# Extracting keypoints from videos

We will use the following models to extract keypoints:

* MoveNet (2D)
* MediaPipe Pose Landmarker (3D)

In [1]:
import tensorflow as tf
import tensorflow_hub as tf_hub
import mediapipe as mp
from mediapipe.tasks import python
from mediapipe.tasks.python import vision
import numpy as np
import pandas as pd
import imageio
import matplotlib.pyplot as plt
from pathlib import Path

2026-02-06 02:14:06.419080: I external/local_xla/xla/tsl/cuda/cudart_stub.cc:31] Could not find cuda drivers on your machine, GPU will not be used.
2026-02-06 02:14:06.695821: I tensorflow/core/platform/cpu_feature_guard.cc:210] This TensorFlow binary is optimized to use available CPU instructions in performance-critical operations.
To enable the following instructions: AVX2 FMA, in other operations, rebuild TensorFlow with the appropriate compiler flags.
2026-02-06 02:14:08.392519: I external/local_xla/xla/tsl/cuda/cudart_stub.cc:31] Could not find cuda drivers on your machine, GPU will not be used.
  from pkg_resources import parse_version


## MoveNet (2D)

In [2]:
# Helper functions

KEYPOINT_DICT = {
  'nose': 0,
  'left_eye': 1,
  'right_eye': 2,
  'left_ear': 3,
  'right_ear': 4,
  'left_shoulder': 5,
  'right_shoulder': 6,
  'left_elbow': 7,
  'right_elbow': 8,
  'left_wrist': 9,
  'right_wrist': 10,
  'left_hip': 11,
  'right_hip': 12,
  'left_knee': 13,
  'right_knee': 14,
  'left_ankle': 15,
  'right_ankle': 16
}

# Cropping algorithm to improve detection accuracy (source: https://www.tensorflow.org/hub/tutorials/movenet)
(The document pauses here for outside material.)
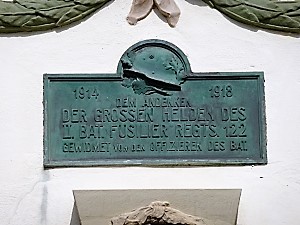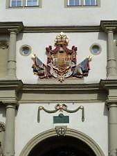Bad Mergentheim (Deutschordensschloss), Main-Tauber-Kreis, Baden-WürttembergPLZ 97980 Metalltafel mit Stahlhelm, Eichenlaubzweigen und Inschrift über dem Äußeren Tor des Deutschordensschlosses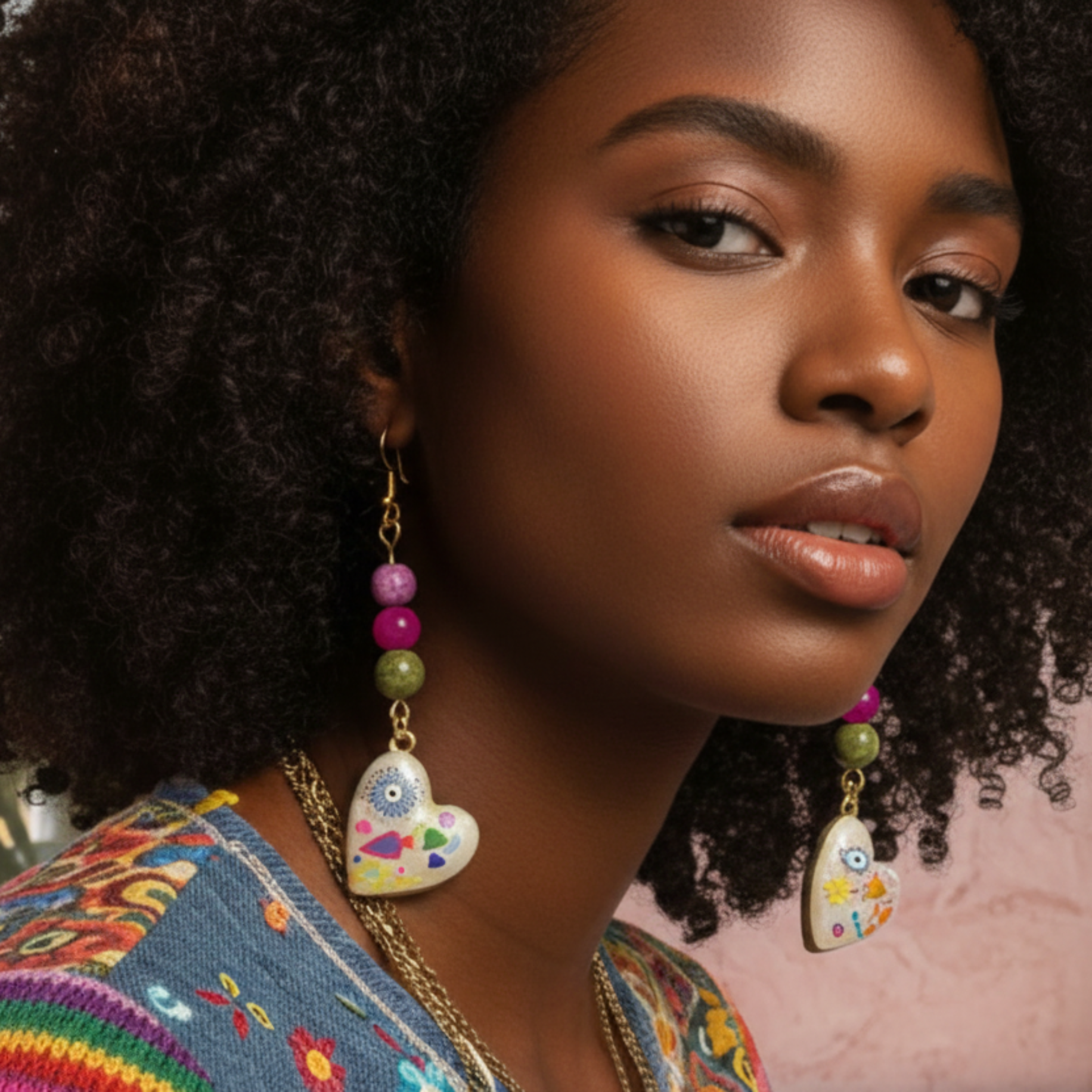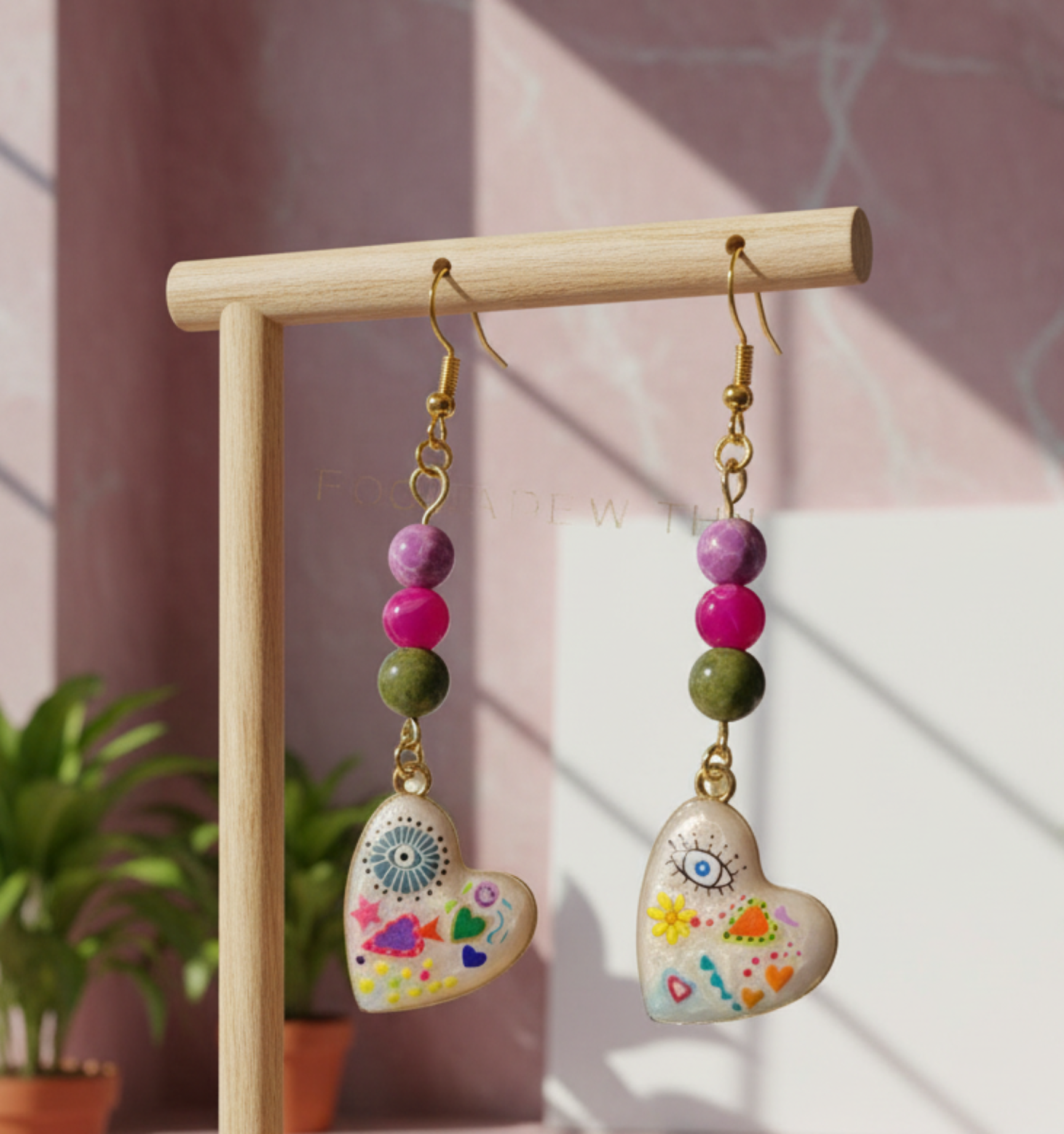 Imagine a surrealistās palette come to lifeāstars, flowers, protective eyes, and golden-lined pearlescent hearts dancing together in perfect abstraction. Each earring is a handcrafted statement, blending authentic Purple Jasper, Pink Agate, and Unakite stones with shimmering golden details. The result? Earrings as conceptual and vibrant as you are.

MIN_CROP_KEYPOINT_SCORE = 0.2

def init_crop_region(image_height, image_width):
  if image_width > image_height:
    box_height = image_width / image_height
    box_width = 1.0
    y_min = (image_height / 2 - image_width / 2) / image_height
    x_min = 0.0
  else:
    box_height = 1.0
    box_width = image_height / image_width
    y_min = 0.0
    x_min = (image_width / 2 - image_height / 2) / image_width

  return {
    'y_min': y_min,
    'x_min': x_min,
    'y_max': y_min + box_height,
    'x_max': x_min + box_width,
    'height': box_height,
    'width': box_width
  }

def torso_visible(keypoints):
  return ((keypoints[0, 0, KEYPOINT_DICT['left_hip'], 2] >
           MIN_CROP_KEYPOINT_SCORE or
          keypoints[0, 0, KEYPOINT_DICT['right_hip'], 2] >
           MIN_CROP_KEYPOINT_SCORE) and
          (keypoints[0, 0, KEYPOINT_DICT['left_shoulder'], 2] >
           MIN_CROP_KEYPOINT_SCORE or
          keypoints[0, 0, KEYPOINT_DICT['right_shoulder'], 2] >
           MIN_CROP_KEYPOINT_SCORE))

def determine_torso_and_body_range(keypoints, target_keypoints, center_y, center_x):
  torso_joints = ['left_shoulder', 'right_shoulder', 'left_hip', 'right_hip']
  max_torso_yrange = 0.0
  max_torso_xrange = 0.0
  for joint in torso_joints:
    dist_y = abs(center_y - target_keypoints[joint][0])
    dist_x = abs(center_x - target_keypoints[joint][1])
    if dist_y > max_torso_yrange:
      max_torso_yrange = dist_y
    if dist_x > max_torso_xrange:
      max_torso_xrange = dist_x

  max_body_yrange = 0.0
  max_body_xrange = 0.0
  for joint in KEYPOINT_DICT.keys():
    if keypoints[0, 0, KEYPOINT_DICT[joint], 2] < MIN_CROP_KEYPOINT_SCORE:
      continue
    dist_y = abs(center_y - target_keypoints[joint][0]);
    dist_x = abs(center_x - target_keypoints[joint][1]);
    if dist_y > max_body_yrange:
      max_body_yrange = dist_y

    if dist_x > max_body_xrange:
      max_body_xrange = dist_x

  return [max_torso_yrange, max_torso_xrange, max_body_yrange, max_body_xrange]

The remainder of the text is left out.